Week 8: Bayesian Inference

The distinguishing aspect of Bayesian statistics is the conceptualisation of the parameter as a probability distribution rather than a fixed quantity. We can use this to make inference directly rather than interpret the uncertainty in terms of the random sample via the sampling distribution because we express the uncertainty about the parameter as a probability distribution. We can use the posterior distribution to make direct probabilistic statements about the parameter in some ways (confidence or credible intervals). While this makes interpreting interval estimates more straightforward, it is more computationally demanding as it requires choosing an appropriate prior and evaluating the posterior distribution. In some cases, there are no analogous procedures to classical or frequentist approaches (i.e. hypothesis testing). Lastly, it is important to recognise and understand the influence of the parameter’s prior distribution on the results of analyses.

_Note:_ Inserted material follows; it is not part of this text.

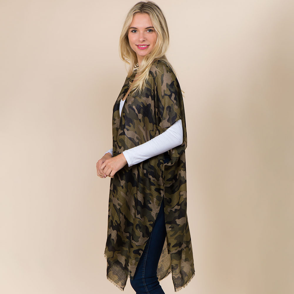 Details • Size : One Size • Material : 100% Polyester • Stay stylish with this camo print kimono wrap. Designed with a relaxed fit and open front, it adds a trendy touch to casual outfits. Perfect for layering over basics for an effortlessly cool and comfortable look all year round.
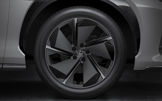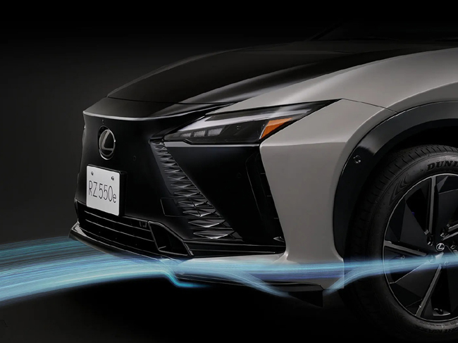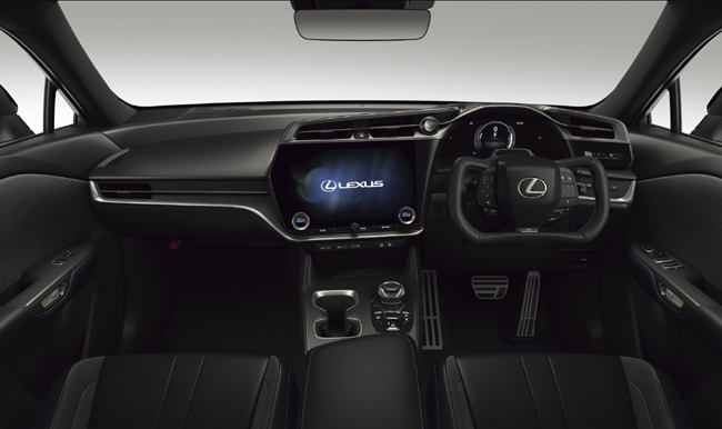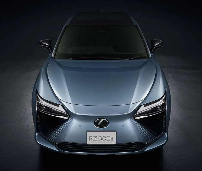 エクステリアについては、機能的本質や動的パフォーマンスに根差し、独自性を追求したデザインを継承。内燃機関のないBEVの機能的な必然性から、フロントマスクは“スピンドルボディ”という塊造形とすることで、レクサスBEVならではのオリジナリティを表現する。また、ヘッドランプおよびバンパーコーナーをブラックアウトし、センターのスピンドルボディを強調することで、一目でレクサスBEVとわかるアイコニックな顔を創出。さらに、バイトーンの外板色ではフロントからルーフまでソリッドブラックを配し、スピンドルボディをより強調するカラーリングとした。足もとにはRZ500eにブラック塗装+切削光輝の20インチアルミホイールを、RZ350eにブラック塗装+ダーククリア切削光輝の18インチアルミホイールを標準で配備している。

Thus we will examine three approaches to inference in the Bayesian paradigm: interval estimation, hypothesis testing, and decision theory. Each of these approaches has its analogue with classical techniques, and we will explore these contrasts and comparisons as part of exploring these concepts.

Bayesian Inference

Credible Intervals

Interval estimation in the Bayesian context uses the posterior distribution to directly compute an interval-based on a specified probability

Given the posterior distribution \(\pi(\theta|\mathbf{x})\) the \(1-\alpha\) credible set is \[C(\theta)=\left\{\theta:Pr\left(\theta\in C(\theta)\right)=1-\alpha\right\}\] For univariate cases this can be defined by the interval \([a,b]\) \[ \int_a^b\pi(\theta|\mathbf{y})d\theta=1-\alpha \] thus \[ C(\theta)=\{\theta:\theta\in[a,b]\}. \] As in the case of confidence intervals, there are limited analytical tools available to minimise \(b-a\) for a given \(1-\alpha\). In many instances, numerical techniques are necessary.

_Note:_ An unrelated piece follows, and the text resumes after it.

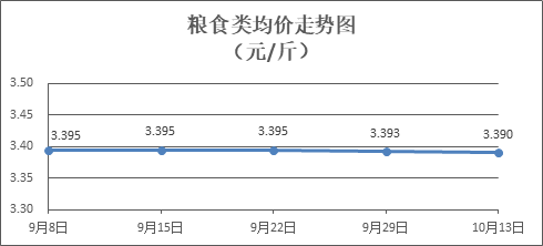 粮食类商品价格基本平稳。所监测的4种粮食类商品价格波动情况为1跌3平,零售均价为每斤3.390元,环比下降0.07%。其中:丝苗米、富强粉零售均价分别为每斤3.57元、3.36元,环比分别下降0.28%、持平。
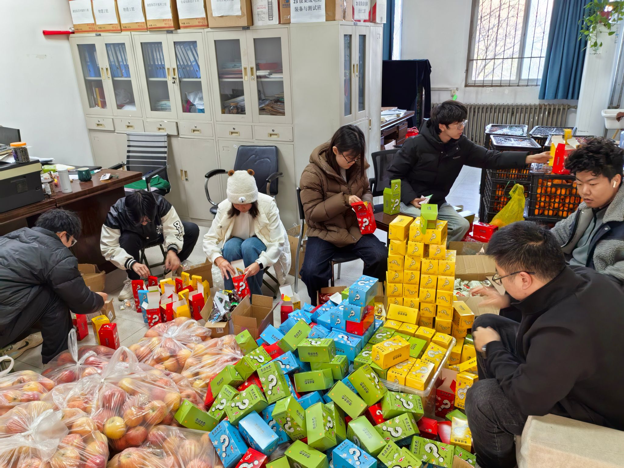 随后,刘寒冰、张婷亲手将学院精心准备的考研祝福礼包递到每一位学子手中。礼包内不仅有象征“平安上岸”的红苹果、寓意“心想事‘橙’”的鲜橙,还有趣味零食与创意玩具组成的惊喜盲盒,每一份礼包都附有手写签名与暖心寄语,承载着对学子的殷切期盼。同学们纷纷表示将带着这份温暖全力以赴,不负韶华与期待。活动现场氛围温馨热烈。

A set \(C^*(\theta)=[a,b]\) that minimises \(b-a\) for a given \(1-\alpha\) \[ C(\theta)=\min_{b-a}\int_{a}^b\pi(\theta|\mathbf{y})d\theta=1-\alpha \] is the highest posterior density credible interval.

Hypothesis Testing

For hypotheses of the form \[ H_0:\theta\in \theta_0\quad\mbox{vs}\quad H_A:\theta\in \theta_0^c \] the posterior probabilities are equivalent to testing the hypotheses \[ \begin{align} Pr(\theta\in\theta_0|\mathbf{y})&\equiv Pr(\mbox{H_0 is True}|\mathbf{y})\\ Pr(\theta\in\theta_0^c|\mathbf{y})&\equiv Pr(\mbox{H_0 is False}|\mathbf{y}). \end{align} \]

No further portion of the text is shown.